No more fussy rules about the length of shorts and skirts or the obligation to hide the shoulders and stomach: Robert-Gravel high school, in Mile End, just adopted a new dress code that is gender neutral.
Posted at 5:00 am
Robert-Gravel, which offers a special program in the performing arts, is one of the few schools in the Montreal School Service Center (CSSDM) that doesn’t enforce a uniform. Her dress code, however, included prohibitions common in many establishments, such as skirts and shorts that were too short, leggings not covered by a dress or skirt, singlets with thin straps, and bare bellies.
All this disappeared from the new code that the school board adopted on Wednesday evening. A few guidelines remain: “underwear and [les] genitals must not be visible”, the “headgear” must remain in the locker and the outfit must be free of certain inscriptions (discriminatory, sexual, violent, etc.).
There is an improvement, I am still very satisfied. I think it can give hope.
Maude Painchaud Major, mother of a Robert-Gravel High School student who lobbied against the old dress code
“Humble, I am very proud of my team,” said the school principal, Ronald Jean-Pierre, in his office.
However, the journey was not easy.
“Girls’ Body Check”
Shortly after his arrival, just over a year ago, Mr. Jean-Pierre the revision of the “too gendered” code, decided on last fall by a committee of teachers and specialists.
But meanwhile, the old code applied.

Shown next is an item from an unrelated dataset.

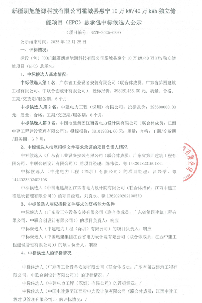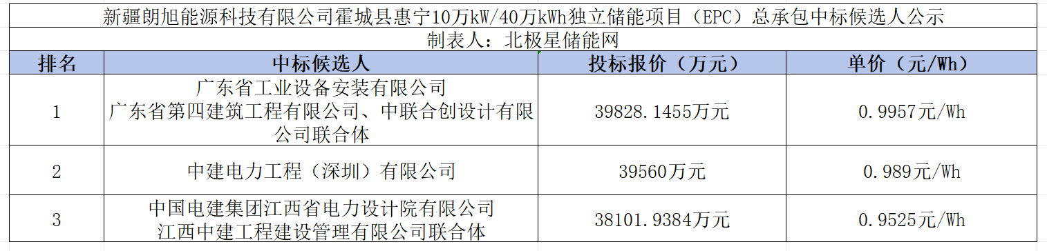 北极星储能网获悉,12月22日,新疆朗旭能源科技有限公司霍城县惠宁10万kW/40万kWh独立储能项目(EPC)总承包中标候选人公示。 据公告,第一中标候选人为广东省工业设备安装有限公司、广东省第四建筑工程有限公司、中联合创设计有限公司联合体,投标报价为39828.1455万元,折合单价0.9957元/Wh; 第二中标候选人为中建电力工程(深圳)有限公司,投标报价为39560万元,折合单价0.989元/Wh; 第三中标候选人为中国电建集团江西省电力设计院有限公司、江西中建工程建设管理有限公司联合体,投标报价为38101.9384万元,折合单价0.9525元/Wh。

Shocked by this document “completely archaic, sexist, really focused on controlling girls’ bodies”, and by certain interventions by teachers responsible for its enforcement, “mothers of young girls went to war in the first secondary”, says m.me Painchaud Major.
“What you have to understand is that there were teachers who thought exactly like those parents. We had to find a way to make everything work and for everyone to agree,” argues Mr. Jean Pierre.
In the late fall, the headmaster asked teachers to stop interfering with “every gender element” – ultimately leading to the suspension of the old code.
“We saw shoulders, spaghetti straps, bra straps”, but no “problematic” situation, he testifies.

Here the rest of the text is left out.